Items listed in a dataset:
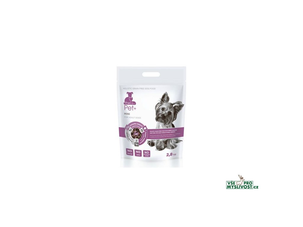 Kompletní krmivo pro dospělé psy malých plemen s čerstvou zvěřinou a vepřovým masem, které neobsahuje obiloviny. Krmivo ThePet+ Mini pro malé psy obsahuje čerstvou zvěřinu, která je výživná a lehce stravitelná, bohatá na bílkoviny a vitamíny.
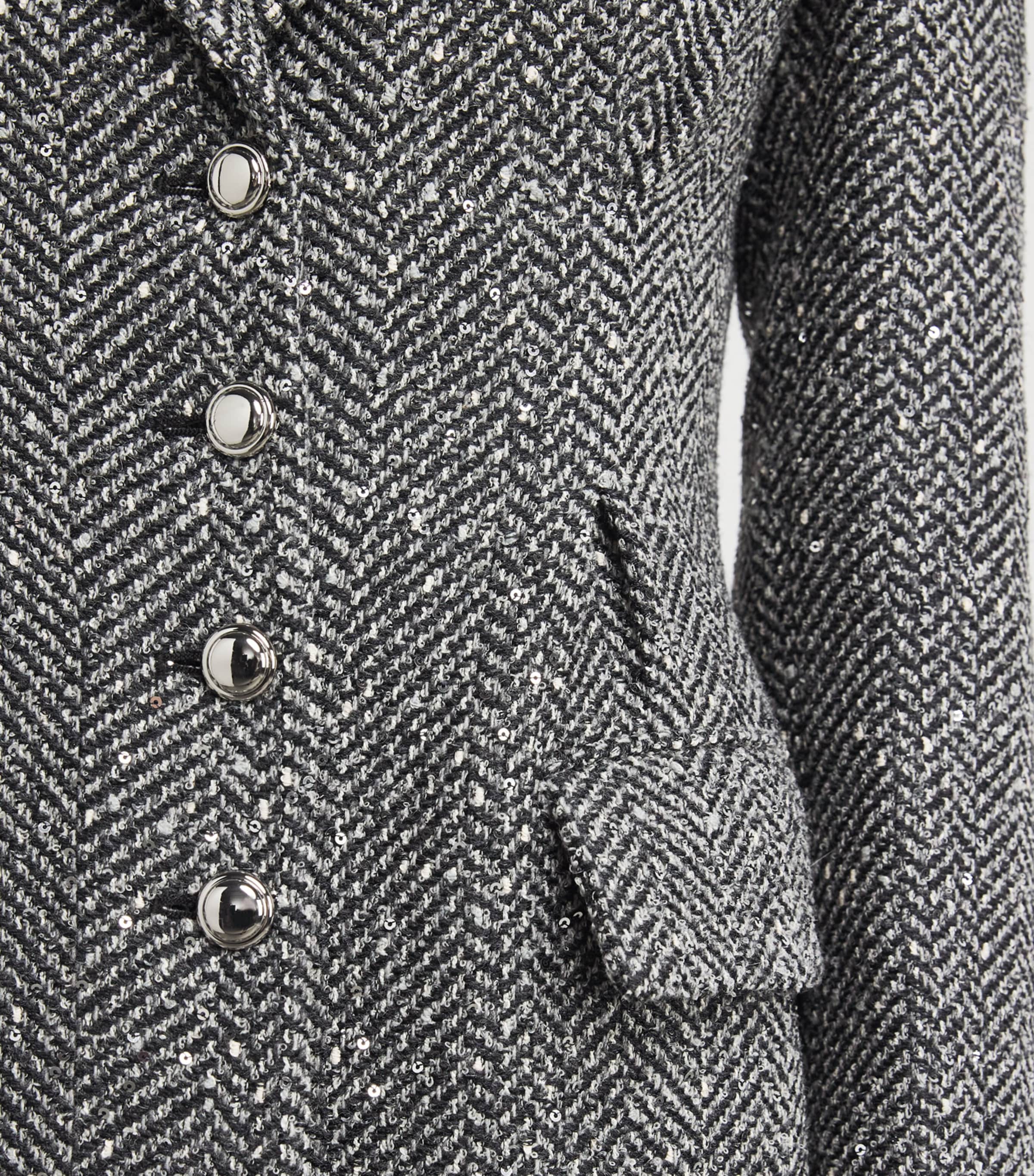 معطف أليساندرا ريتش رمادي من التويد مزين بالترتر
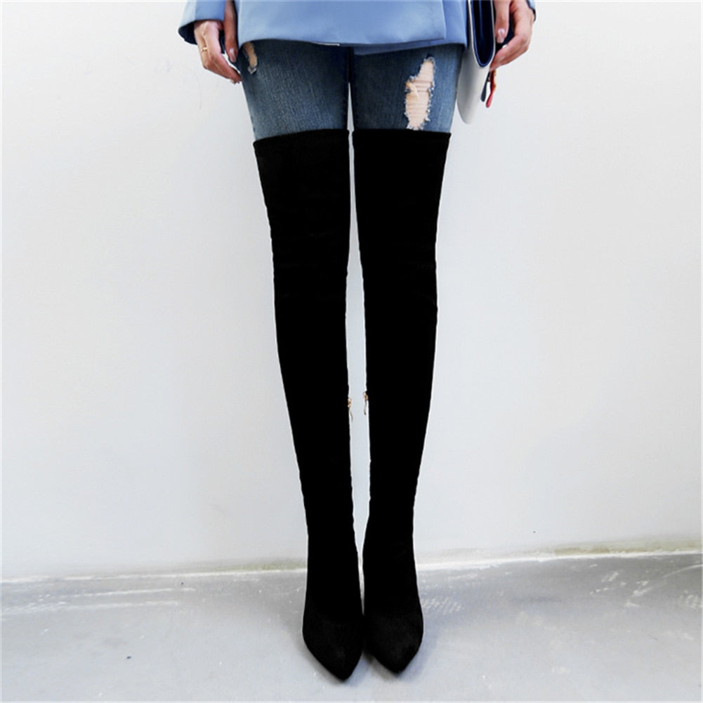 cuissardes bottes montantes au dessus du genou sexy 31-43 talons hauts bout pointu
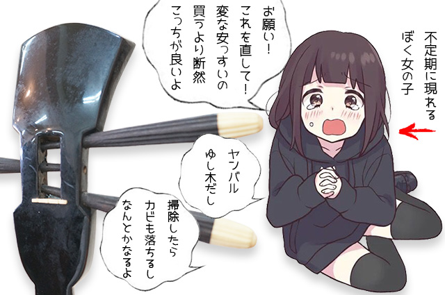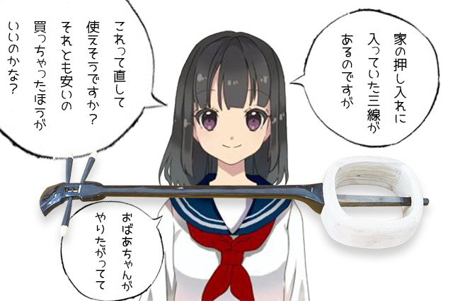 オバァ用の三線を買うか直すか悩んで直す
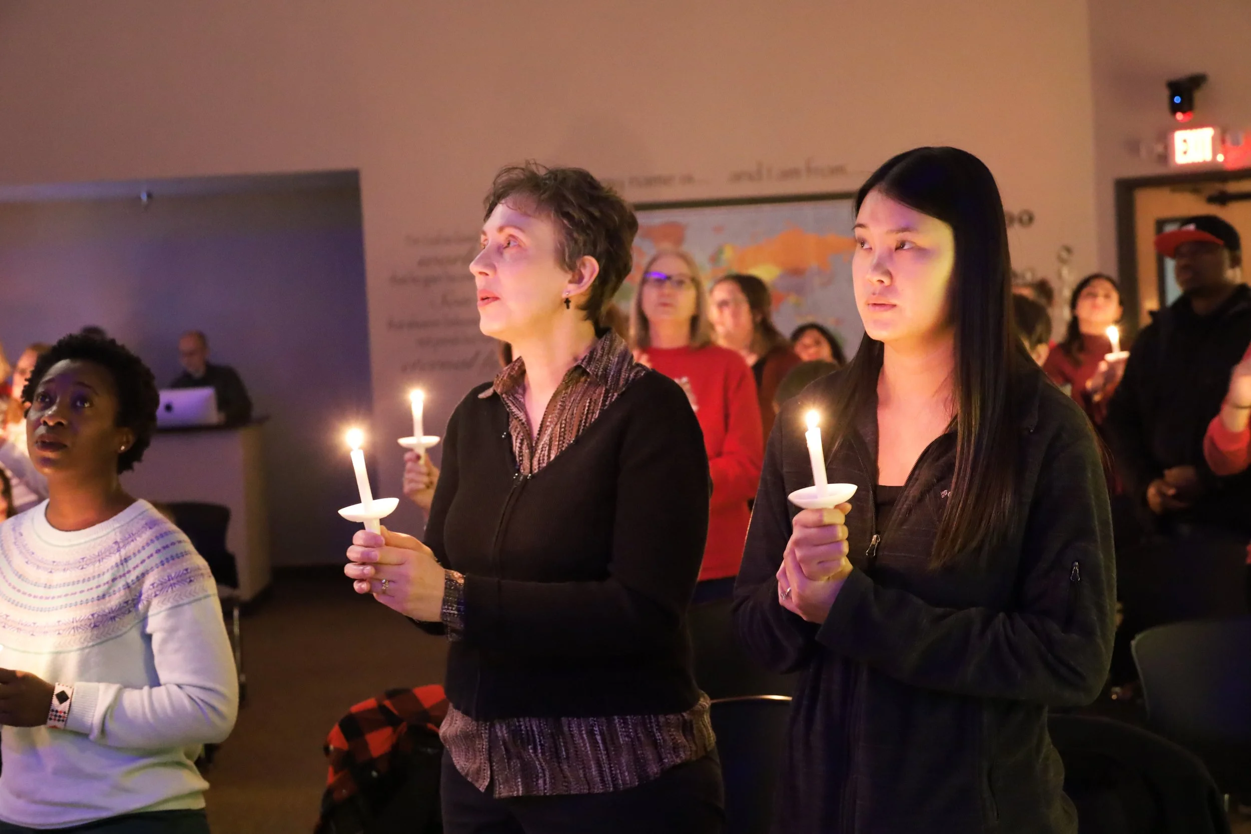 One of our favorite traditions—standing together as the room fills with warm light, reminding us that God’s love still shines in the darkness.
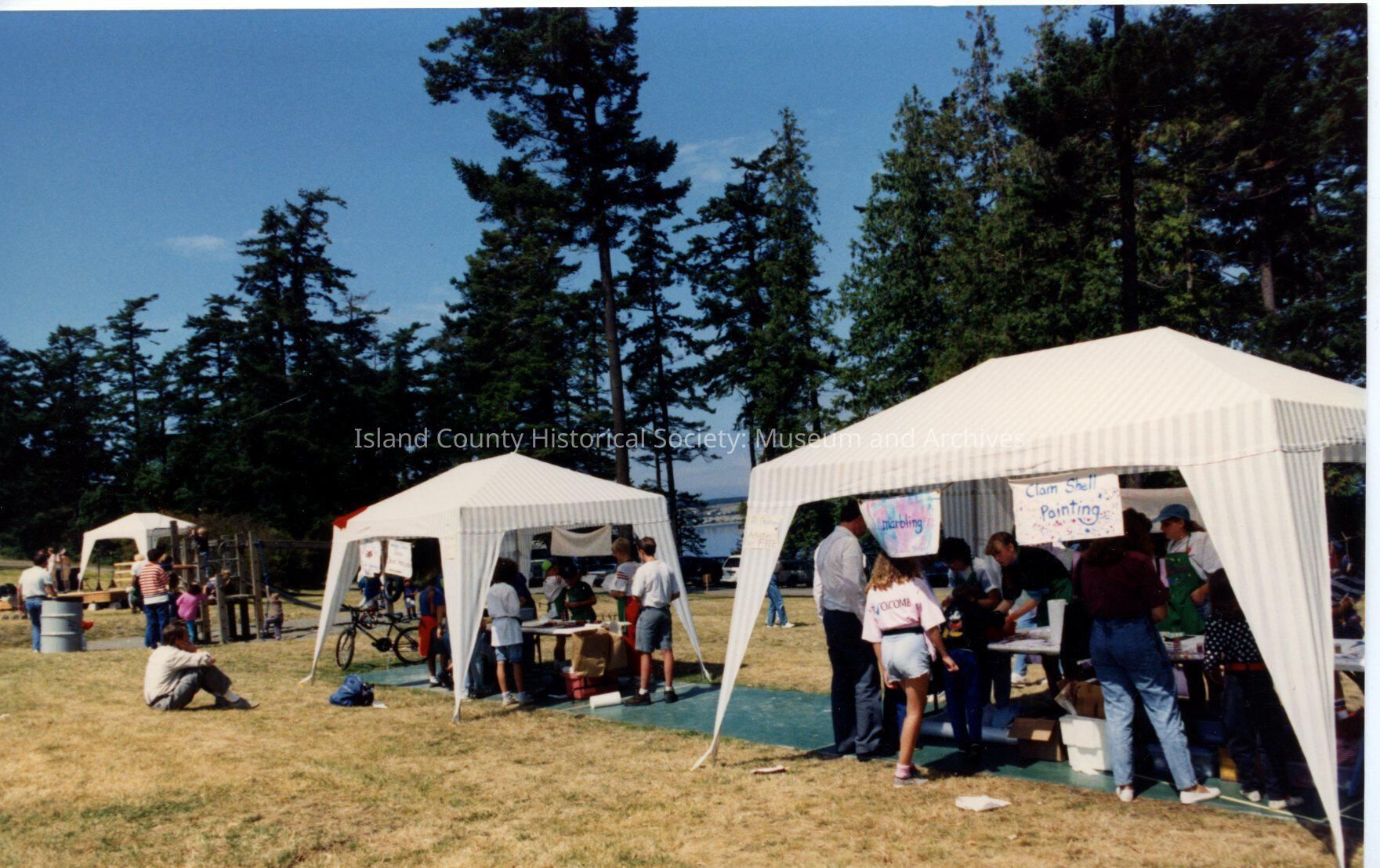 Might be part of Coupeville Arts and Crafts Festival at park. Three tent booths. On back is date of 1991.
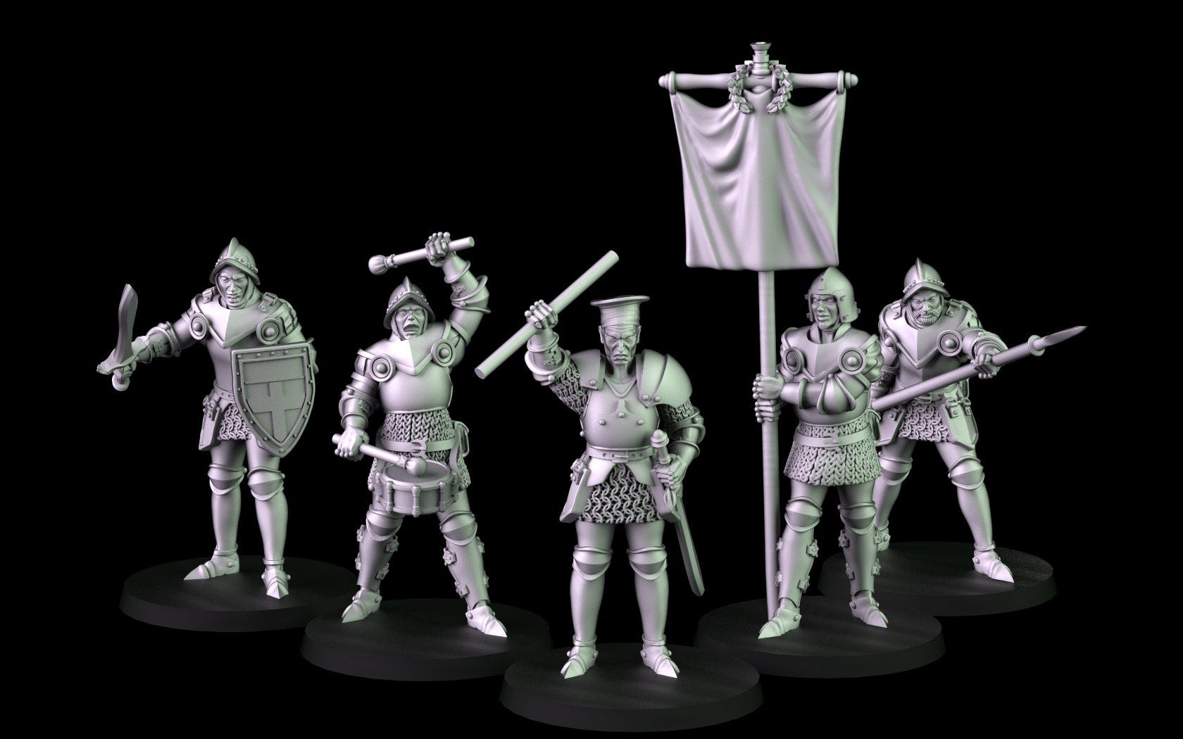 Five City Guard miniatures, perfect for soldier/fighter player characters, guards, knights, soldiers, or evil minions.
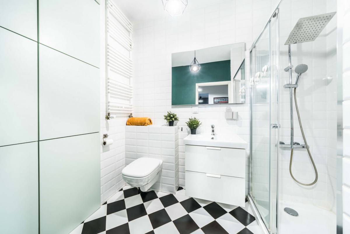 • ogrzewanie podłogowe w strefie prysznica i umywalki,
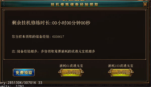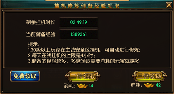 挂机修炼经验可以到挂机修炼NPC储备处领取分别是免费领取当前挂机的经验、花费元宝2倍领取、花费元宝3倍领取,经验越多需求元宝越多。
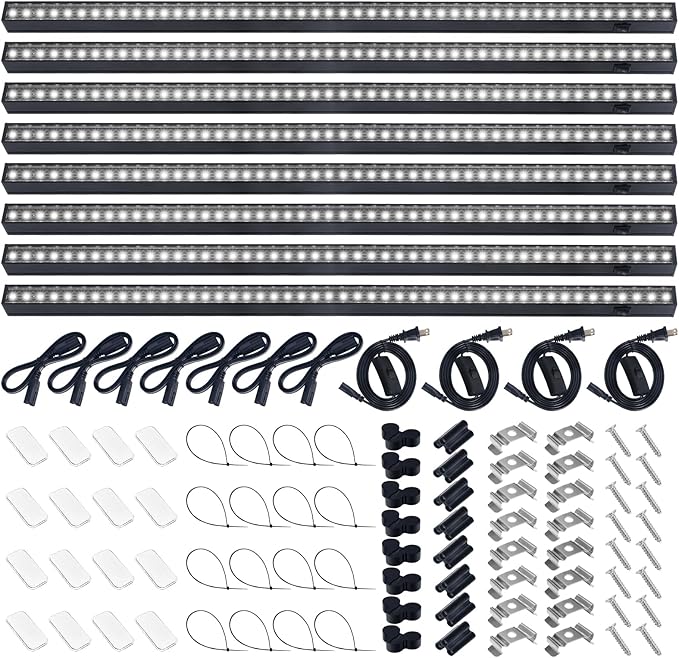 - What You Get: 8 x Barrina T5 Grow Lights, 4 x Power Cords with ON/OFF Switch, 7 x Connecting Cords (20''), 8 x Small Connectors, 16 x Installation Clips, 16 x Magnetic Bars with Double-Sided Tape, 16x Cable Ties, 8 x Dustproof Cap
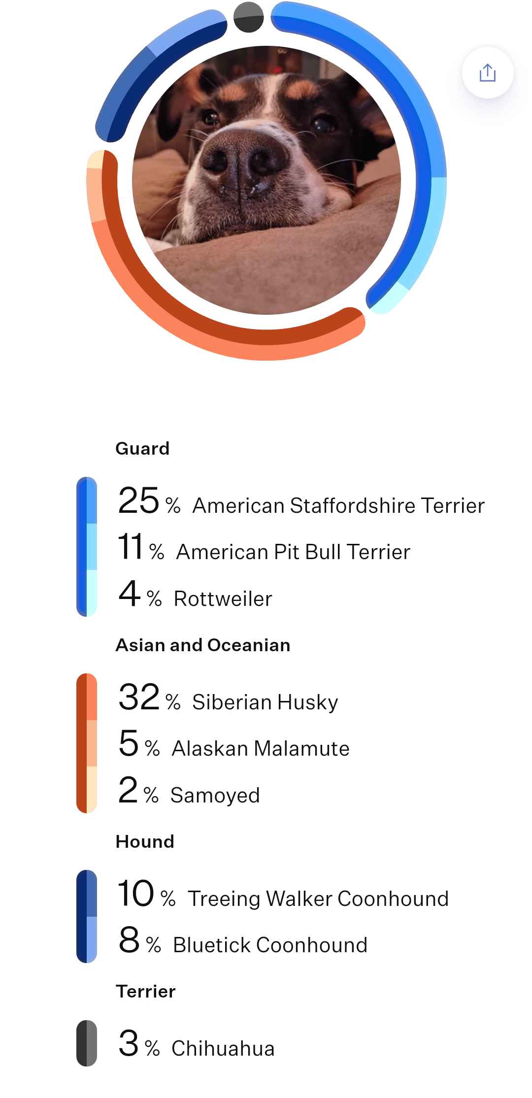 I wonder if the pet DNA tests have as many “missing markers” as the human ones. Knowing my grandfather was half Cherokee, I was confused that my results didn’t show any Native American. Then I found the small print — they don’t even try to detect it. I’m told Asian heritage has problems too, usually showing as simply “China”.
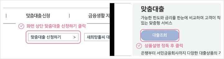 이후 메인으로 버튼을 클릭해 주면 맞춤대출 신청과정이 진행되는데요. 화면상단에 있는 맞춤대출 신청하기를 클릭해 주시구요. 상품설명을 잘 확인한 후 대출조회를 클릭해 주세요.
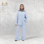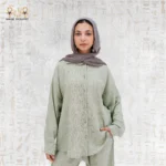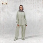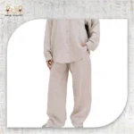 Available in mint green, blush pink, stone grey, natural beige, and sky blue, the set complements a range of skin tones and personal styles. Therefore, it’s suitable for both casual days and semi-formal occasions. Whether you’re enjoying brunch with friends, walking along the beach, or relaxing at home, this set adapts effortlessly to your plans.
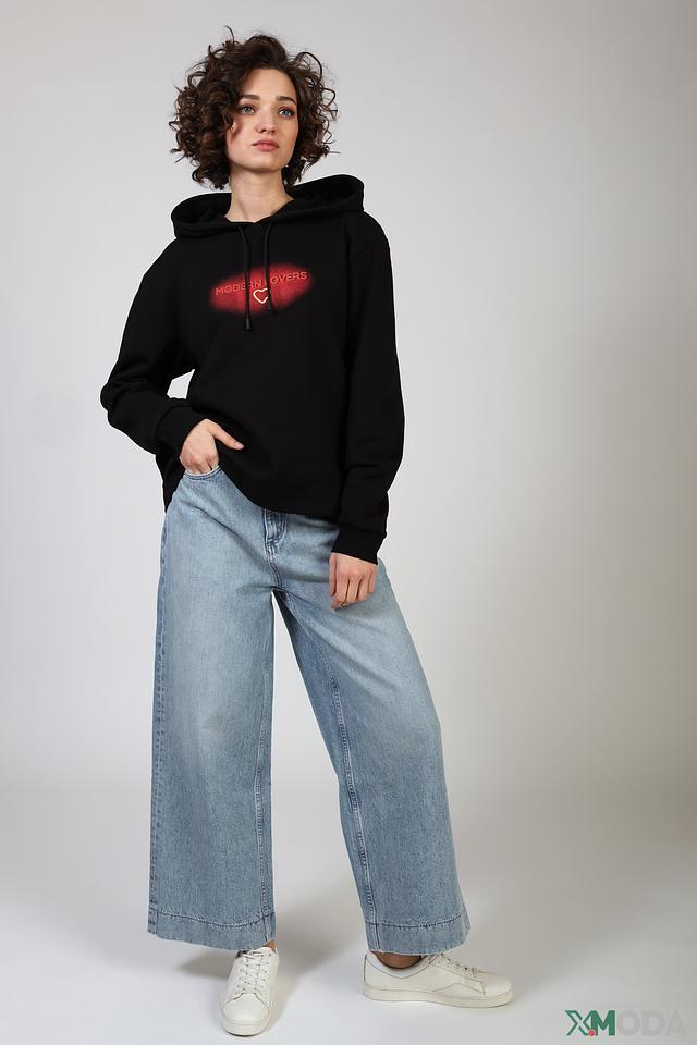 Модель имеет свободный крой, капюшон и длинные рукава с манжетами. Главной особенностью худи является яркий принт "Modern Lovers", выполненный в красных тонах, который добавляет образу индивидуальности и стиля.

TASK TO COMPLETE. An exact copy of the lines above from the one with "One of our favorite" up to and including the one with "挂机修炼经验可以到挂机修炼N" is required; reproduce only those lines, omitting all pictures.

REPLY TO THE EXERCISE.
 One of our favorite traditions—standing together as the room fills with warm light, reminding us that God’s love still shines in the darkness.
 Might be part of Coupeville Arts and Crafts Festival at park. Three tent booths. On back is date of 1991.
 Five City Guard miniatures, perfect for soldier/fighter player characters, guards, knights, soldiers, or evil minions.
 • ogrzewanie podłogowe w strefie prysznica i umywalki,
 挂机修炼经验可以到挂机修炼NPC储备处领取分别是免费领取当前挂机的经验、花费元宝2倍领取、花费元宝3倍领取,经验越多需求元宝越多。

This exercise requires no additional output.